In his May 2007 edition of Think On These ThingsMystical Youth Ministry” Dr. Gary Gilley gives us a run down of the so-called “spiritual discipline” of Lectio Divina.

In doing so Gilley turns to Dr. Kenneth Boa, President of Reflections Ministries and teacher of Contemplative Spirituality/Mysticism (CSM) who personally recommends and teaches:

The ancient art of sacred reading (lectio divina) [which] was introduced to the West by the Eastern desert father John Cassian early in the fifth century. The sixth-century Rule of St. Benedict that guided Benedictine and Cistercian monastic practice ever since, prescribed daily periods for sacred reading. In spite of the simplicity and power of this method of praying through sacred Scripture, it gradually fell into disuse and obscurity.

Unfortunately, by the end of the Middle Ages it came to be seen as a method that should be restricted to the spiritually elite. As time passed, even monastics lost the simplicity of sacred reading as it was replaced by more complicated systems and forms of “mental prayer.”

In re-cent decades, however, this ancient practice has been revitalized, especially by those in the Cistercian tradition. Writers like Thomas Merton (Contemplative Prayer, New Seeds of Contemplation, Spiritual Direction & Meditation), Thomas Keating (Intimacy with God, Open Mind, Open Heart), Michael Casey (Sacred Read-ing, Toward God, The Undivided Heart), and Thelma Hall (Too Deep for Words) have been promoting sacred reading in Catholic circles, and Protestants are now being exposed to this approach as well. Lectio divina involves a progression through the four movements of reading, meditation, prayer, and contemplation. (Online source)

Please know that the quotes that Gilley uses below in his article come from Boa’s book The Trinity, a Journal:

Lectio Divina

This is Latin for “holy reading,” and is increasingly becoming a popular method of contemplative “Bible reading” in mystical and emergent circles… Ken Boa, another promoter of mystical Christianity, explains that lectio divina involves four movements:

Reading (Lectio)

“Since lectio divina engages the whole person, your bodily posture is important. A seated position that is erect but not tense or slouched is best…. Remember that unlike ordinary reading, in lectio you are seeking to be shaped by the Word more than informed by the Word”

Meditation (Meditatio)

“Meditation is a spiritual work of holy desire and an interior invitation for the Spirit to pray and speak within us (Romans 8:26-27)…Meditation will do you little good if you try to control the outcome.” Incorporating the Spiritual Exercises of Ignatius of Loyola is recommended for meditation.

Prayer (Oratio)

Boa informs us that “Oratio [Prayer] is a time for participation in the interpenetrating subjectivity of the Trinity through prolonged mutual presence and growing identification with the life of Christ.”

Contemplation (Contemplatio)

To the uninitiated, contemplation often is confused with meditation but they are not the same.

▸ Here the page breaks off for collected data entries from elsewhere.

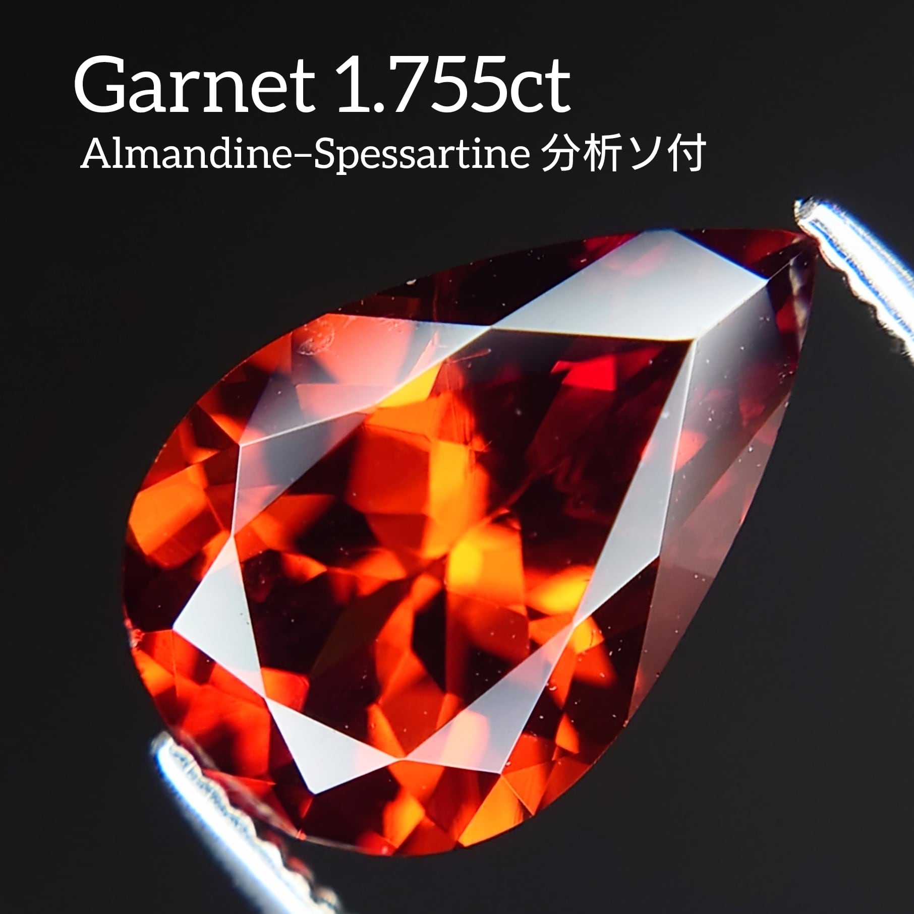 Garnet 1.755ct Almandine–Spessartine 成分分析ソ付 ルース☆
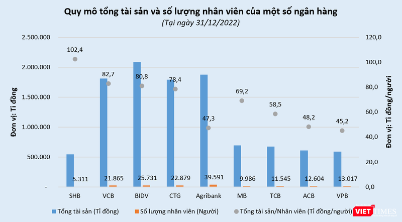 Hệ quả, tính tới cuối năm 2022, bình quân mỗi nhân viên SHB quản lý hơn 102,4 tỉ đồng tài sản - cao nhất trong số 27 ngân hàng mà VietTimes khảo sát.
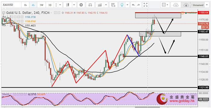 国际现货黄金周四(1月5日)亚盘和欧盘基本维持高位震荡后小幅回落的走势。早间和大家说过注意1175-1180美元/盎司区间的阻力。下方关注1160-1165和1150-1145美元/盎司的支撑表现,获得支撑可以做多,下破则继续观望。上方依然关注1175-1180美元/盎司区间的阻力,突破1165美元/盎司小周期价格有望能够进一步走高。
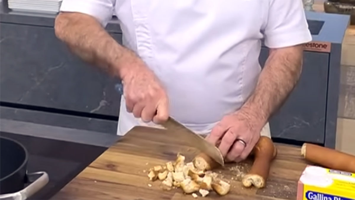- Después, hay que coger el pan y empezar a cortarlo. Con un cuchillo, hay que hacer cortes para obtener trozos pequeños de pan. Es normal que en este punto la barra empiece a desmigarse porque es pan duro. Se obtienen trozos irregulares y hasta una gran cantidad de miga sobrante que se cae al cortar. Del pan, para esta receta, sirve todo.
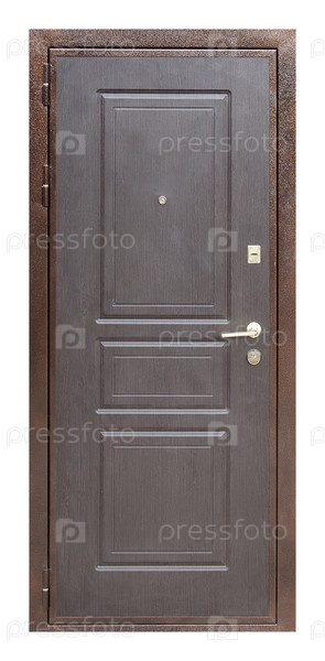 Модель входной металлической двери, изолированная на белом фоне
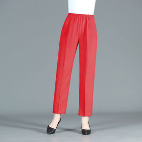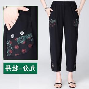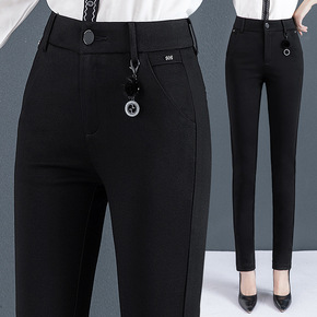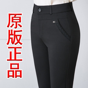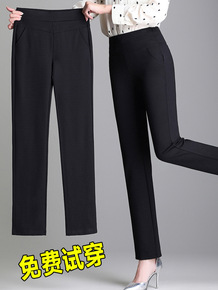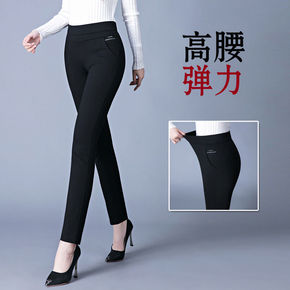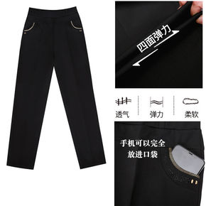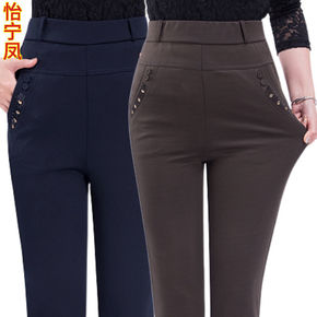 春秋长裤子女中年女裤高腰四面弹力妈妈裤子九分裤女夏...
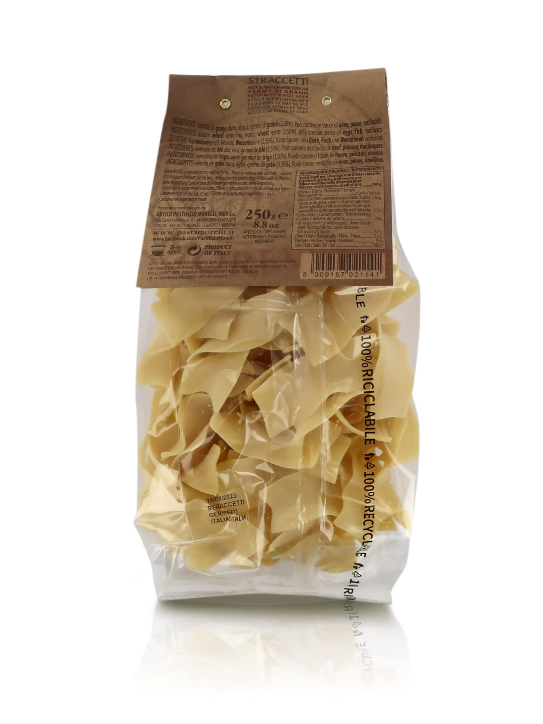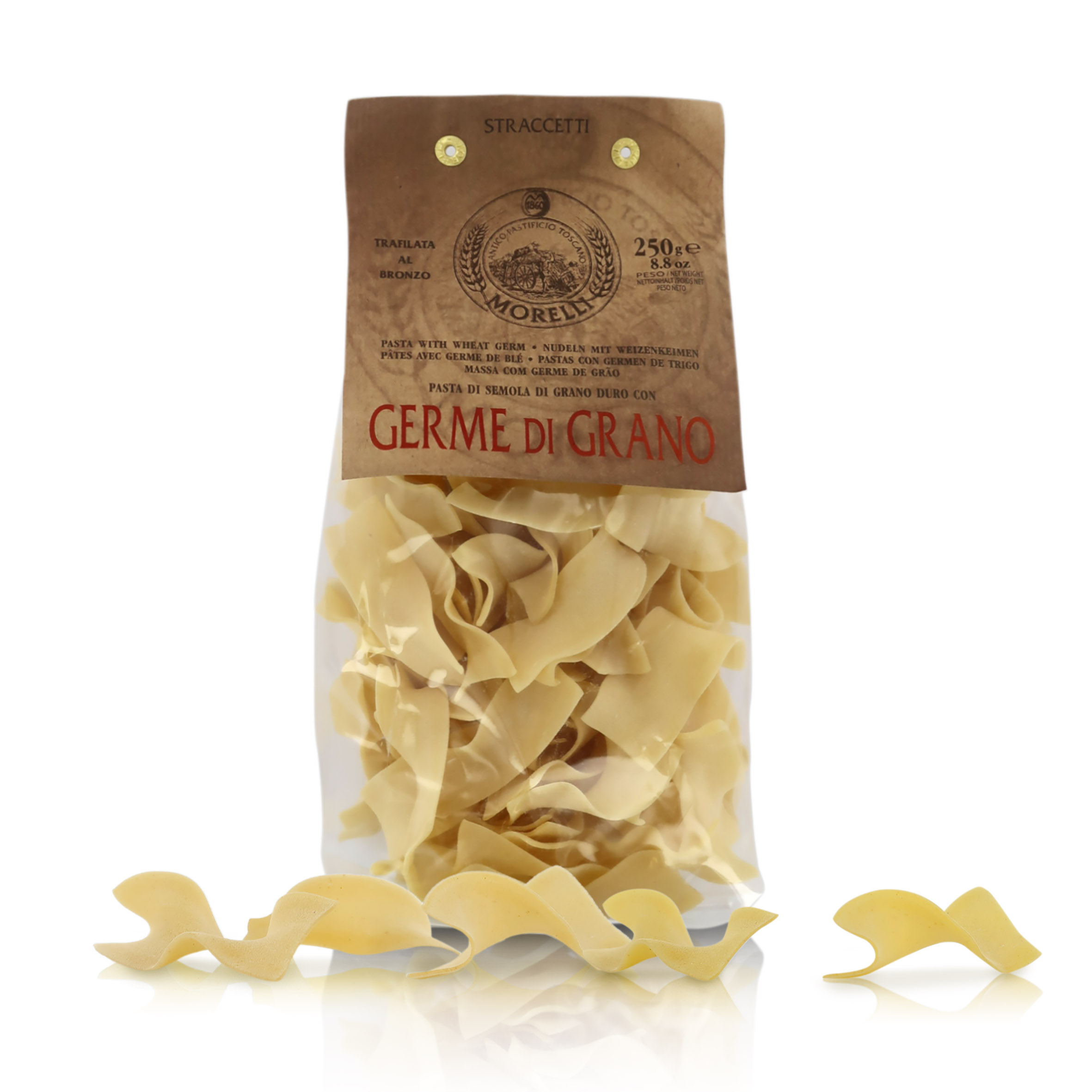 Straccetti, pasta al germe di grano, 6 confezioni da 250 grammi.

In ordinary circles meditation describes deep thinking and analyzing with a rational mind and some may use contemplation as a synonym for this activity. But contemplation in mystical circles “is a theological grace that cannot be reduced to logical, psychological, or aesthetic categories…It is best for us to stop talking and ‘listen to Him’ in simple and loving attentiveness. In this strange and holy land we must remove the sandals of our ideas, constructs and inclinations, and quietly listen for the voice of God.”

So as we can see from Dr. Ken Boa, himself a teacher and pratitioner of this spurious spiritual discipline, Lectio Divina was developed as a “monastic practice” of apostate Roman Catholicism and as Gilley points out it also involves the so-called “Christian” meditation of Contemplative/Centering Prayer.

And this is confirmed by no less an authority than the late Roman Catholic monk and “Spiritual Master” Basil Pennington who explains in his book Lectio Divina:

For the past twenty-five years we have been sharing Centering Prayer in all parts of the world. In all our prayer workshops we have always included lectio. For the monk and nun, lectio and contemplation, Centering Prayer, are all part of one reality. (ix)

Men and women, the fact is Lectio Divina was not taught or practiced by Jesus Christ and His Apostles, it was rightly rejected as not in line with Biblical Christianity by the Lord’s Reformers, and therefore because this neo-pagan practice is counter to Sola Scriptura it has no place in the life of the Christian.